→ Material for this task
-=-=-=-=-

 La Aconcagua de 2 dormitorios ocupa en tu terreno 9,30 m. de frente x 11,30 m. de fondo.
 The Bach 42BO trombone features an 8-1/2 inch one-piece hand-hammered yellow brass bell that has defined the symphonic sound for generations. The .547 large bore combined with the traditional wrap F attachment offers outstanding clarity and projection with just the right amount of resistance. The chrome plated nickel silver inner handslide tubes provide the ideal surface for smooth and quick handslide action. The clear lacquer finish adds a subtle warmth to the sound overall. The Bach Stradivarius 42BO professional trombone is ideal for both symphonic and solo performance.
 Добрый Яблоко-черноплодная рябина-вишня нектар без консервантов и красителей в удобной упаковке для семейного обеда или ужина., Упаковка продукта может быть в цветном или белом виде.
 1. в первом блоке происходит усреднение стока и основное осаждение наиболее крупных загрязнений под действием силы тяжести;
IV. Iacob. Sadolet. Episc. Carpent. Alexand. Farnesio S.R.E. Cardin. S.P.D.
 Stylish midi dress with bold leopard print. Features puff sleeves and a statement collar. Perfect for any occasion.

-=-=-=-=-

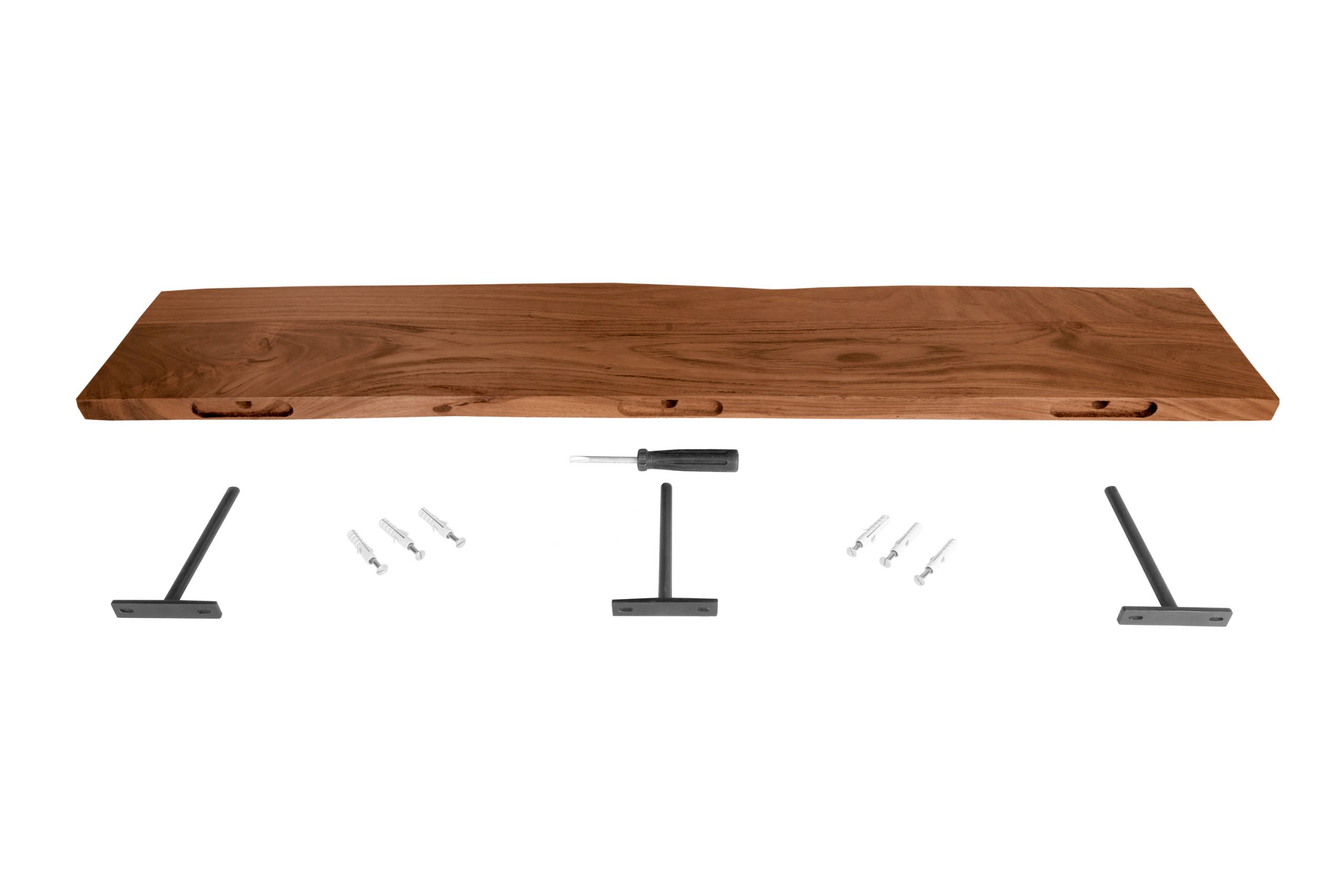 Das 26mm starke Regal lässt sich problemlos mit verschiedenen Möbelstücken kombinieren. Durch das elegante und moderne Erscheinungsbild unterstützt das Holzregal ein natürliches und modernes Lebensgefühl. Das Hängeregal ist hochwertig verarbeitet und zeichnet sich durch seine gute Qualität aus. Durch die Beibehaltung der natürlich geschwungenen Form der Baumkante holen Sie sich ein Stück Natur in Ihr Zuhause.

-=-=-=-=-

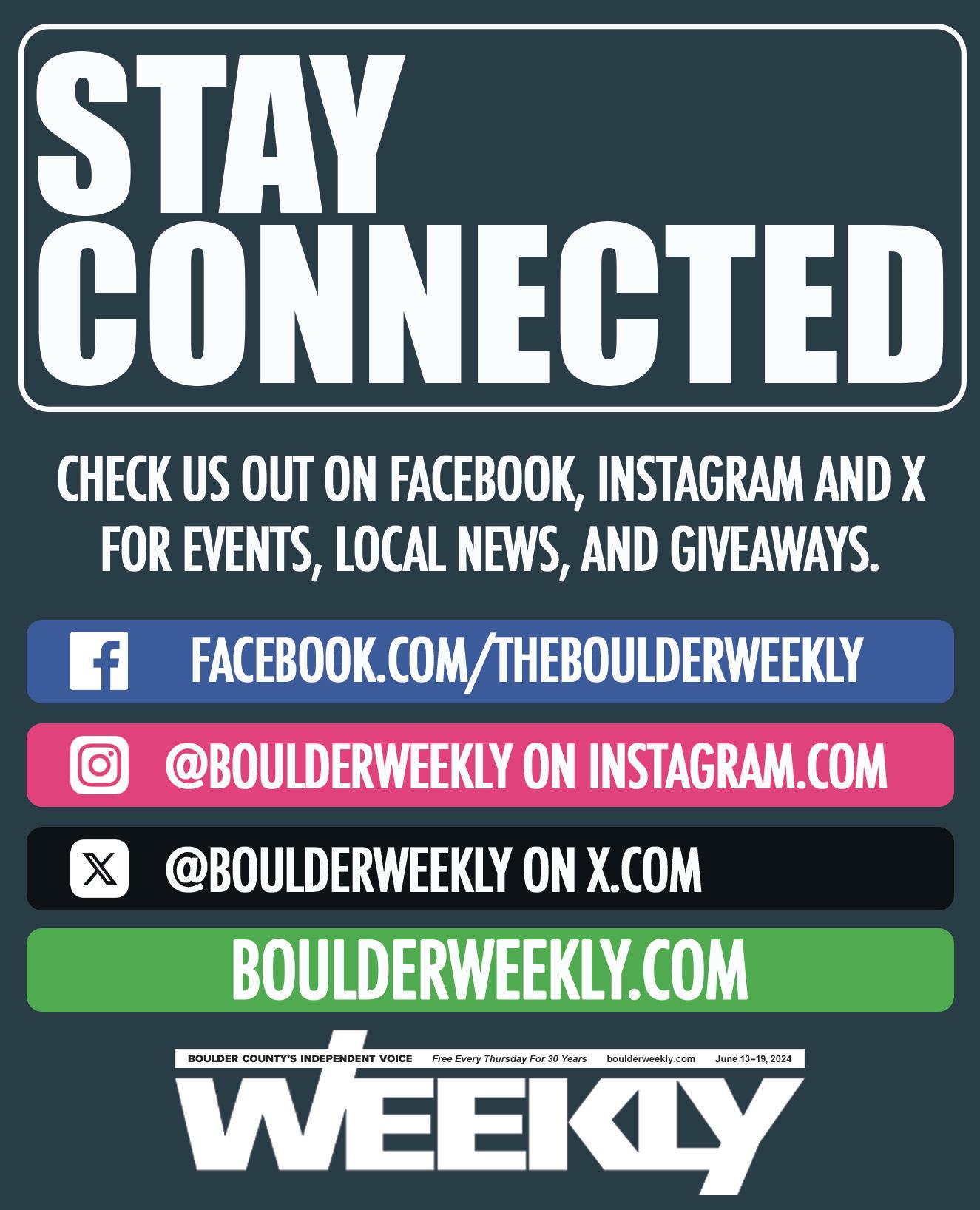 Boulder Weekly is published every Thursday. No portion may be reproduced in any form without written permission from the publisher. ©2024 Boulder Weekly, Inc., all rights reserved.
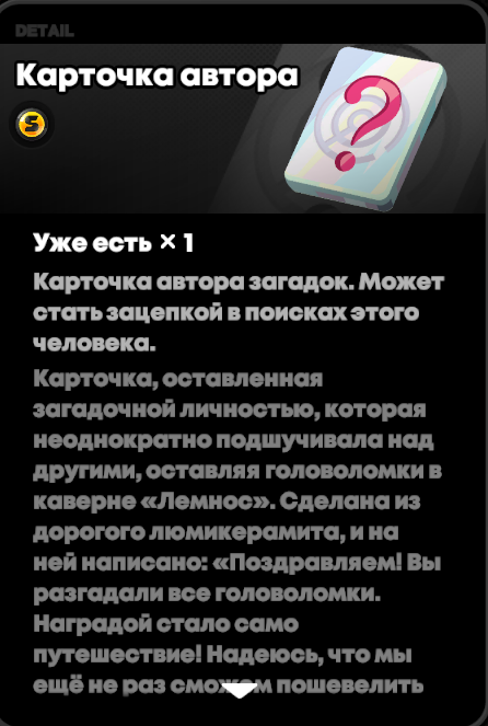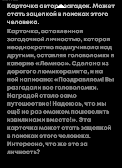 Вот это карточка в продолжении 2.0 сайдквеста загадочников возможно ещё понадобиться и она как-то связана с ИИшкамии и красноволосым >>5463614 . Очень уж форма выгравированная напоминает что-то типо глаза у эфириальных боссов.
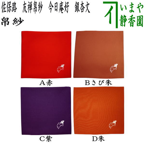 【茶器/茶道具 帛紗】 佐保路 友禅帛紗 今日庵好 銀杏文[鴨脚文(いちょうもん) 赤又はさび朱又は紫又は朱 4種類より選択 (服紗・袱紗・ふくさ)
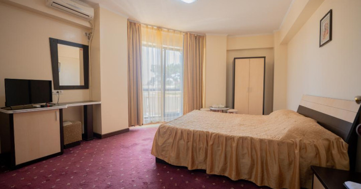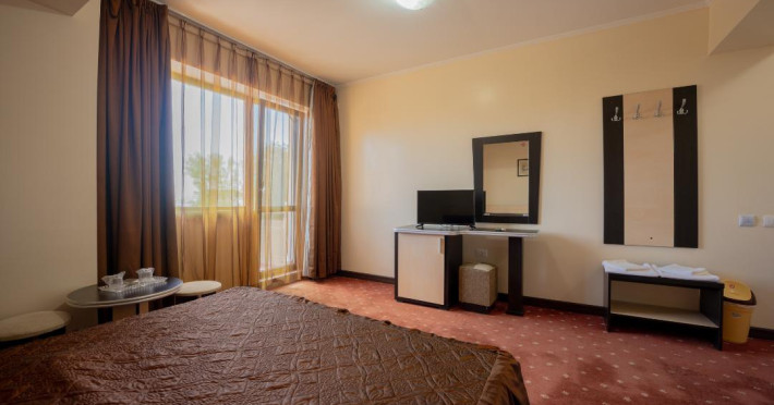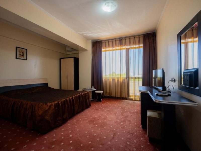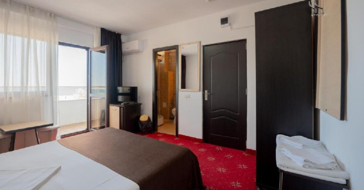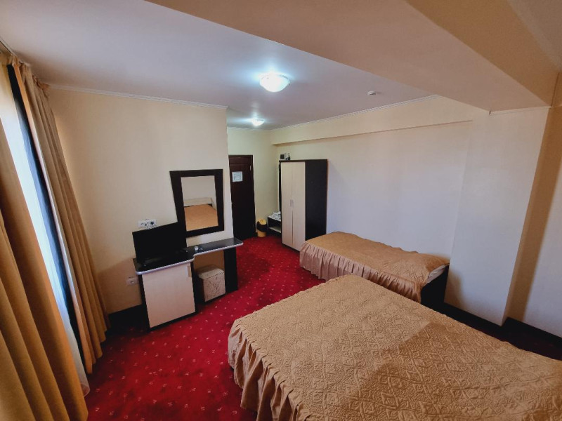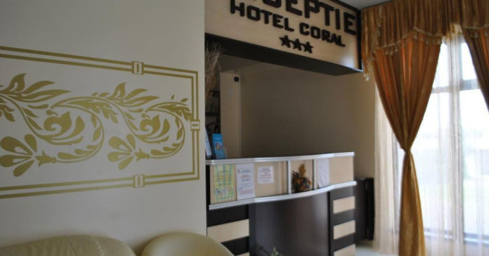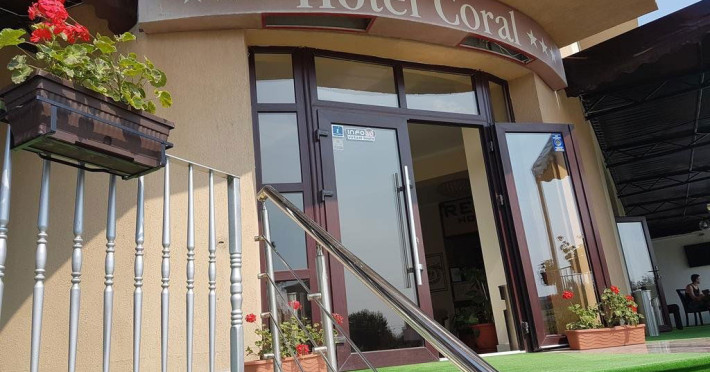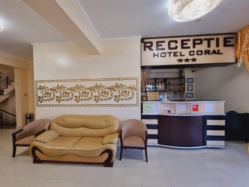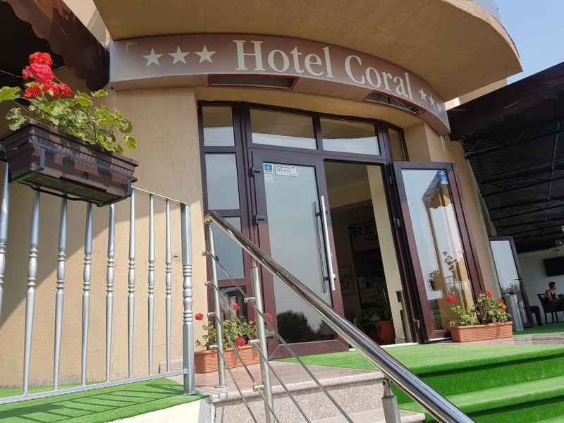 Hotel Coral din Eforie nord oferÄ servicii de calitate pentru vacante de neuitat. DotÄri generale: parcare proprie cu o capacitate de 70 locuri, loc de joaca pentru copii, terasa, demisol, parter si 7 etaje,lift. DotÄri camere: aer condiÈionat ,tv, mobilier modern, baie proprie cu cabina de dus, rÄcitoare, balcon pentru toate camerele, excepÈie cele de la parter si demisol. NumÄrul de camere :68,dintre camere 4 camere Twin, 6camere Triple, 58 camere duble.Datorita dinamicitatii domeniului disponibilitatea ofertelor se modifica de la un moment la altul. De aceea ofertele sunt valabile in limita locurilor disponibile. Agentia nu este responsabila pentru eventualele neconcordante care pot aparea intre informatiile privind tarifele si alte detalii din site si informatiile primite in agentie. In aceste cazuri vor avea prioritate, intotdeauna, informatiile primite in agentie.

-=-=-=-=-

→ Work instruction
Please return only the lines above, starting at the line that has "La Aconcagua de" and ending at the line that has "Stylish midi dress", keeping both and leaving each one unchanged.

→ Answer to this task
 La Aconcagua de 2 dormitorios ocupa en tu terreno 9,30 m. de frente x 11,30 m. de fondo.
 The Bach 42BO trombone features an 8-1/2 inch one-piece hand-hammered yellow brass bell that has defined the symphonic sound for generations. The .547 large bore combined with the traditional wrap F attachment offers outstanding clarity and projection with just the right amount of resistance. The chrome plated nickel silver inner handslide tubes provide the ideal surface for smooth and quick handslide action. The clear lacquer finish adds a subtle warmth to the sound overall. The Bach Stradivarius 42BO professional trombone is ideal for both symphonic and solo performance.
 Добрый Яблоко-черноплодная рябина-вишня нектар без консервантов и красителей в удобной упаковке для семейного обеда или ужина., Упаковка продукта может быть в цветном или белом виде.
 1. в первом блоке происходит усреднение стока и основное осаждение наиболее крупных загрязнений под действием силы тяжести;
IV. Iacob. Sadolet. Episc. Carpent. Alexand. Farnesio S.R.E. Cardin. S.P.D.
 Stylish midi dress with bold leopard print. Features puff sleeves and a statement collar. Perfect for any occasion.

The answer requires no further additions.